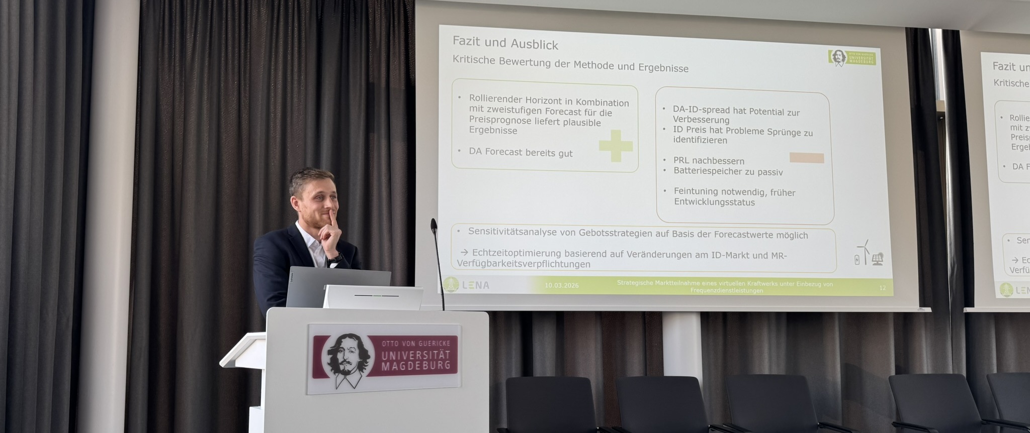 Christoph Sauer hat das Thema "Strategische Markteilnahme eines virtuellen Kraftwekrs unter Einbezug von Frequenzdienstleistungen" vorgesetllt. In dieser Arbeit geht es um die Optimierung des Anbieterverhaltens auf Basis selbst erstellter Preisprognosen des Folgetages der relvanten Märkte. Darüberhinaus wird anhand dessen die Martteilnahme erstellt und am Liefertag laufend angepasst und optimiert. Berücksichtigt wird außerdem die Bereitstellung von Momentanreserve und Primärrgelleistung.
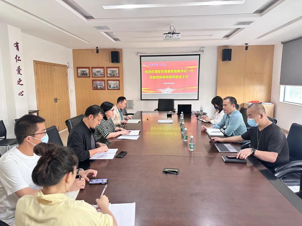 新闻中心讯(就业处供稿)为深入开展学习贯彻习近平新时代中国特色社会主义思想主题教育,将学习成效转变成工作实效。5月25日,校党委副书记唐新强、就业处副处长鲍仁成一行深入各二级学院进行现场调研、推进就业工作,促进各二级学院提升作风要求、质量要求、目标要求,确保2023届毕业生更加充分、更高质量就业,推动在毕业生就业工作“建新功”上取得实实在在的成效。
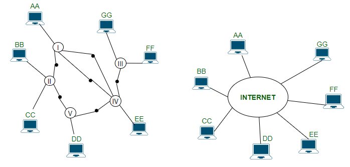 - 那些主机是以AA、BB、CC等字母来启动的。而实心圆圈数字则分别表示1、2、3。路由器那些包含罗马数字的较大椭圆形结构,其实属于独立的物理网络。
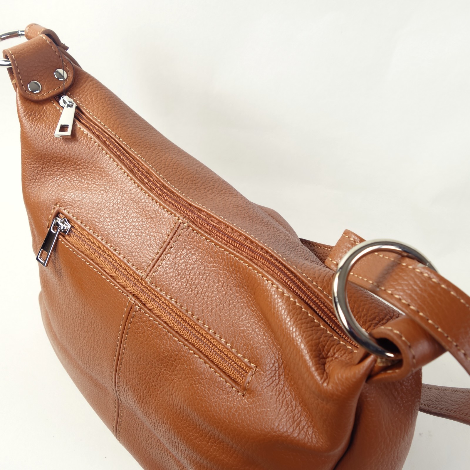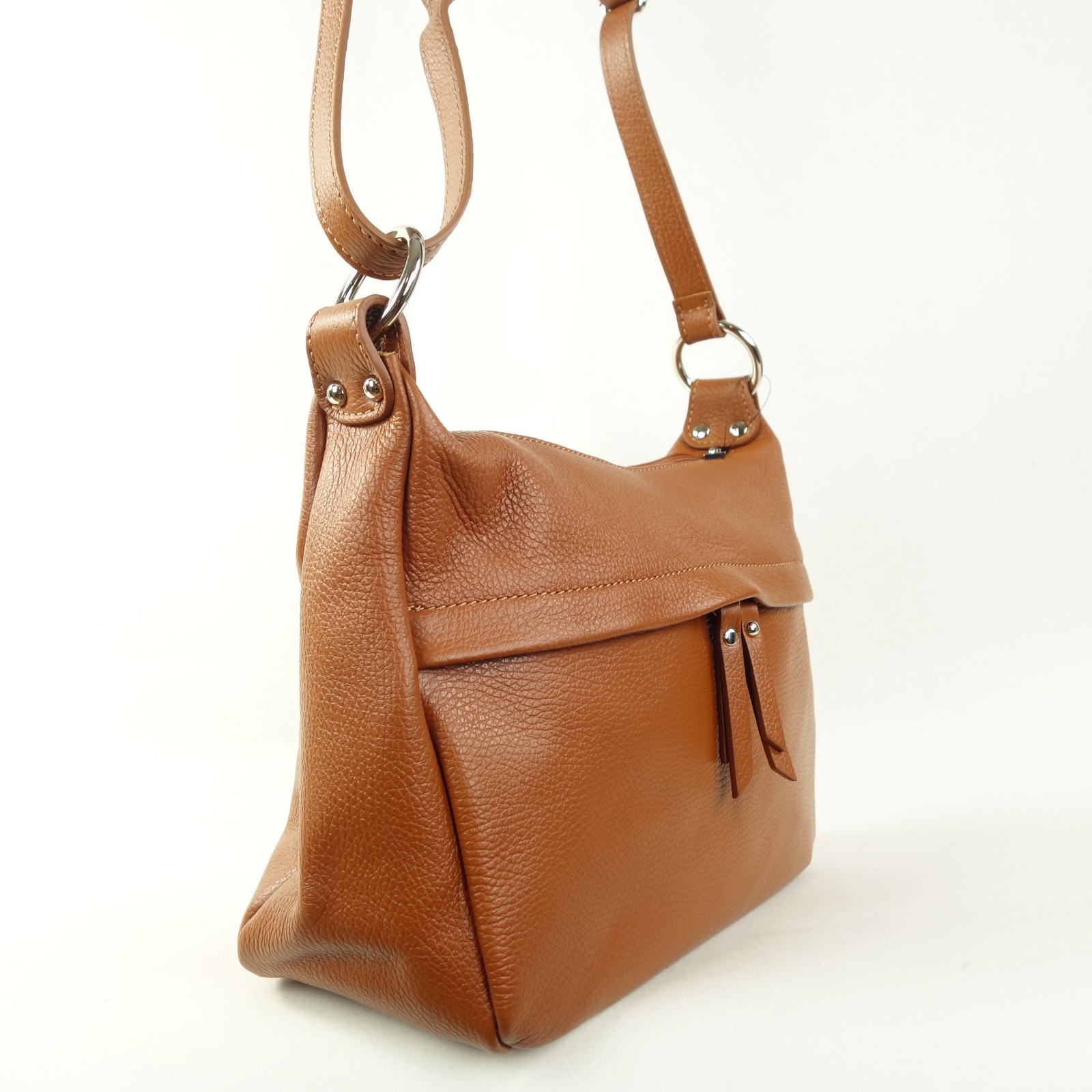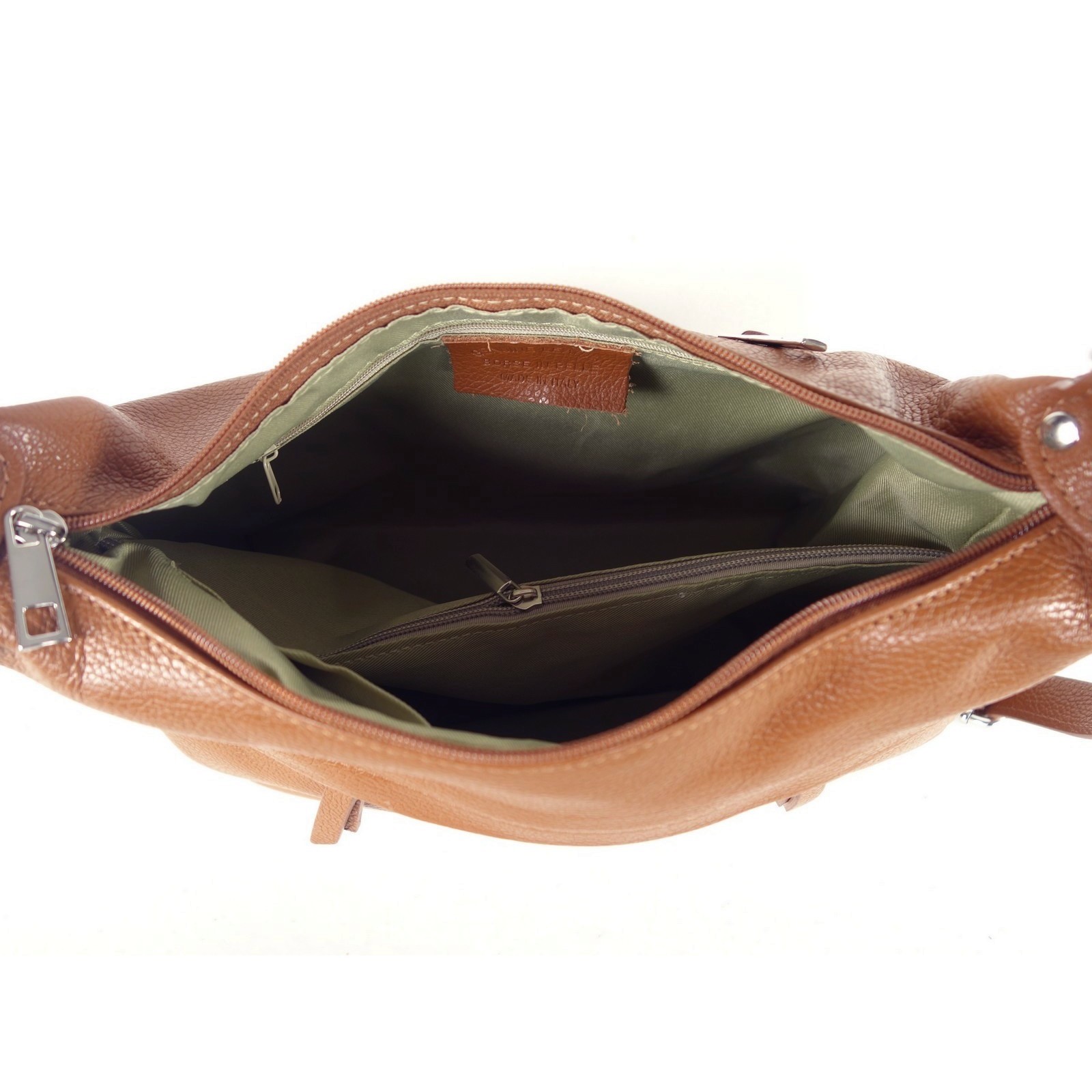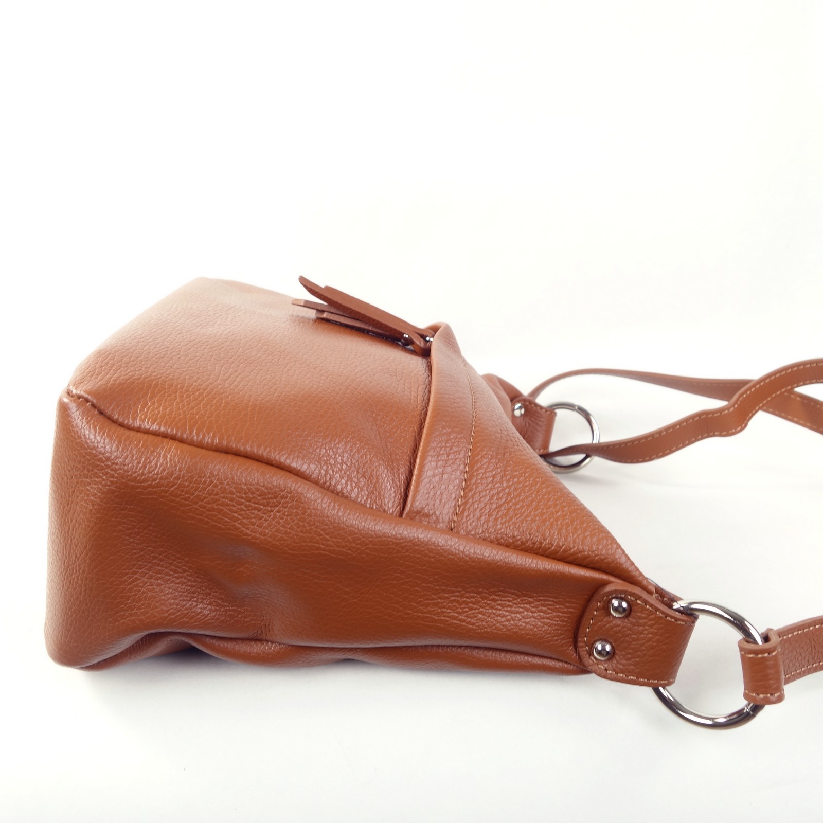 Côté utile, il y a donc une bandoulière réglable et en cuir, fixée à des anneaux métal sur pièce de cuir rivetée.
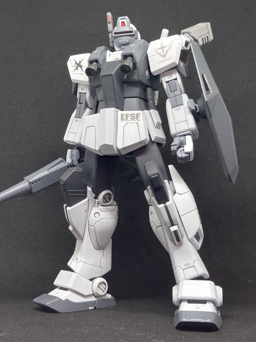 ナイトシーカーの本体にジムIIIの両腕と下半身を小改造で設置 ライフルはUCマラサイ シールドはハイザックから 右肩のマークはエナメルでそれらしく手書き 良い感じにマッシブになって満足な仕上がりになりました! #ジムナイトシーカーヴァースキ機 #ジョニーライデンの帰還 #ジムの日
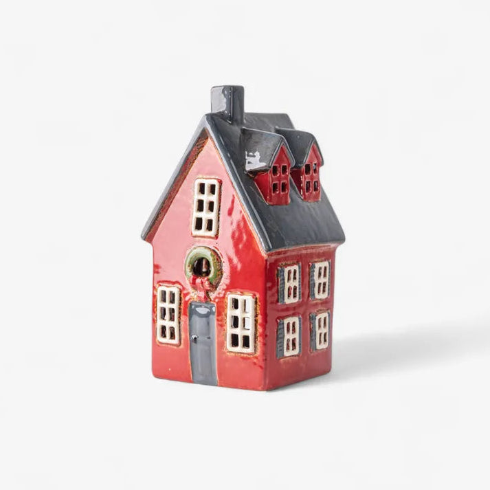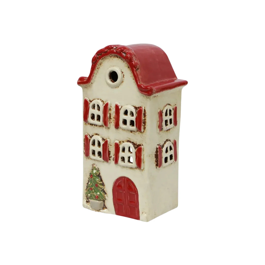 Alsace Tea Light Villa Christmas Stone with Red Shutters

**Required action**
Write out, please, the lines of the listing above from the one with "新闻中心讯(就业处供稿)为深" through the very last, exactly as given and with no pictures.

**Exercise answer**
 新闻中心讯(就业处供稿)为深入开展学习贯彻习近平新时代中国特色社会主义思想主题教育,将学习成效转变成工作实效。5月25日,校党委副书记唐新强、就业处副处长鲍仁成一行深入各二级学院进行现场调研、推进就业工作,促进各二级学院提升作风要求、质量要求、目标要求,确保2023届毕业生更加充分、更高质量就业,推动在毕业生就业工作“建新功”上取得实实在在的成效。
 - 那些主机是以AA、BB、CC等字母来启动的。而实心圆圈数字则分别表示1、2、3。路由器那些包含罗马数字的较大椭圆形结构,其实属于独立的物理网络。
 Côté utile, il y a donc une bandoulière réglable et en cuir, fixée à des anneaux métal sur pièce de cuir rivetée.
 ナイトシーカーの本体にジムIIIの両腕と下半身を小改造で設置 ライフルはUCマラサイ シールドはハイザックから 右肩のマークはエナメルでそれらしく手書き 良い感じにマッシブになって満足な仕上がりになりました! #ジムナイトシーカーヴァースキ機 #ジョニーライデンの帰還 #ジムの日
 Alsace Tea Light Villa Christmas Stone with Red Shutters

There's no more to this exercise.